That doorbell of yours never stops. Can’t we have a little peace to deal with BENO’s problem? I tell you what. You don’t get him the job, and your AUNT’s going to be here for a long stay.
 
(She goes into the next room. ANAHIT goes to open the door. She returns with HAMO.  HAMO takes off his shoes.)
 
HAMO
(laying a package on the table)
Boss, you sure as hell found the right time to have a heart attack.
 
RAFAYEL
A touch of angina, that’s all. Forget it.
(Pointing to the package
What’ve you there?
 
HAMO
Brandy, boss. The best.
 
ANAHIT
You shouldn’t have, Comrade Hamo. You’re too kind.
 
RAFAYEL
Hold on, ANAHIT. (To HAMO) Take this brandy back with you. You know I don’t like expensive gifts.
 
HAMO
But, boss, this is my first visit. I couldn’t very well come empty-handed.
 
RAFAYEL
Did you hear what I said? Do I have to spell it out for you? Bring flowers instead. They’re cheap, and pretty.
 
ANAHIT
Actually, dear, flowers aren’t that cheap any more. (She realizes her presence is superfluous and exits.)
 
RAFAYEL (furious): How many times have I told you not to set foot in this house? I don’t give a damn what’s going on in the office. Never come here.
 
HAMO
A man from the INISTRY was snooping around in our books, boss. Can you imagine, he didn’t take any money. Some young kid, just out of training.
 
RAFAYEL
What’s his name?
 
HAMO
Karapetyan.
 
RAFAYEL
Did he find anything?
 
HAMO
We filed paperwork for a paycheck to be issued to a workman while he was on leave at a state spa.
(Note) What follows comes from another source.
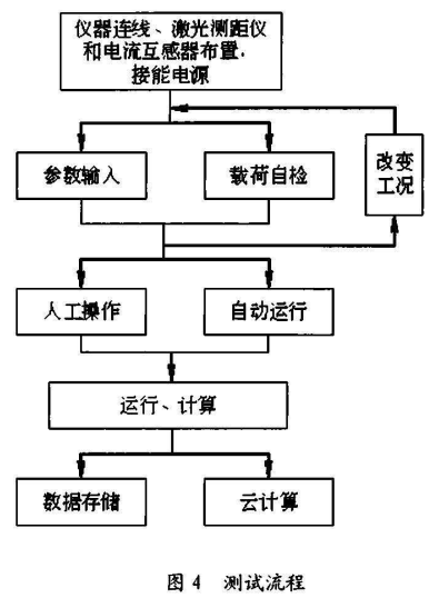 如下圖所示,測試開始前,將智能電表接入電動葫蘆控制箱的輸入端,互感器穿過電動葫蘆起升電機的相線,激光測距儀通過磁力座吸附于吊鉤滑輪組的側面罩殼上、者砝碼下面或側面。接通移動電源,接入工頻電流電源給移動電源充電。

The money wasn’t appropriated, because the job was allocated to a subcontractor. Okay, we messed up. But it’s a misdemeanor, not a crime.
 
RAFAYEL
That’s it?
 
HAMO
For now. But he’s digging around, and he’s bound to find something. If the jerk discovers we’re way over budget, laying thirteen kilometers of rail link for the industrial complex instead of the specified four—
 
RAFAYEL
Okay, okay. Keep your voice down. Let’s wait and see. You say he’s an honest guy.
 
HAMO
That’s just the trouble. His honesty could get in the way of our plans. Let him keep it to himself, I say, and let us get on with our lives. Don’t you agree, boss?
 
RAFAYEL
Shower him with money. Drown him in the stuff. And see if he comes to his senses.
 
HAMO
Where’s the dough coming from, Comrade Avetyan.
 
RAFAYEL
Me. Here’s the key to my safe. Give him as much as you can carry. If some finds its way into your pocket, no matter, take it. I don’t keep tabs on how much there is.
 
HAMO
I don’t know, boss. Maybe you should handle it. I’m not the smooth talker you are.
 
RAFAYEL
No, I don’t like dealing with rookies. I can’t help sympathizing with them.
 
HAMO
Oh, to be in his shoes. He’s probably never seen so much money.
 
RAFAYEL
(surly) He won’t take it.
 
HAMO
Who are you kidding, Comrade Avetyan? He’ll take it all right.
 
RAFAYEL
He won’t.
 
HAMO
Of course he will, and how!
 
RAFAYEL
No way. I know the type.
 
(RAFAYEL’s father, ARSEN, comes in.)
 
ARSEN
Rafik, Sahak next door went to senior citizens’ bureau to see about a pension increase. The clerk on duty demanded a pay-off. You’ve got to help him. Tell his superiors to rap the creep over the knuckles and raise Sahak’s pension. Do me this favor, Son, okay?
 
RAFAYEL
I’ll look into it, Pop.
 
ARSEN
Remember, I gave Sahak my word. Your word and mine are the same, right?
 
RAFAYEL
Right, Dad. Don’t worry.
 
(Pause.  ARSEN looks quizzically at RAFAYEL, then at  HAMO. He realizes he has interrupted their business.)
 
ARSEN
See you later. (Unable quite to tear himself away) I’m going to visit a teacher friend of mine. I’ll bring him here one of these days so you can meet him. What a refined vocabulary he has. No ordinary cookies for him, only dainty sweetmeats. Well, okay, bye now.
 
(He goes out.)
 
HAMO
So what’s our plan, boss?
 
RAFAYEL
Relax. Forget what I said before. Of course he’ll take the money. Grease the kid’s palm. Enough to bury him. Then, if he takes it, bring him to see me.
 
HAMO
Didn’t you say not to come here?
 
RAFAYEL
I’ll see the guy, if he goes for the dough.
 
HAMO
Okay, I’m off, boss. God help me.
 
RAFAYEL
On your way back, buy some carnations for my wife. And, by the way, don’t take off your shoes in the house. Wipe your feet on the mat before coming in. Got that? Okay. Here’s money for the carnations.
 
HAMO
What’s that for, boss? If you’re so keen on carnations, I’ll bring you a hundred fresh every day.
 
(He is about to go.)
 
RAFAYEL (suddenly serious): Hamo, don’t even try to cross me. I keep close tabs on my money.
 
HAMO
That’s for sure. Oh, I almost forgot . . .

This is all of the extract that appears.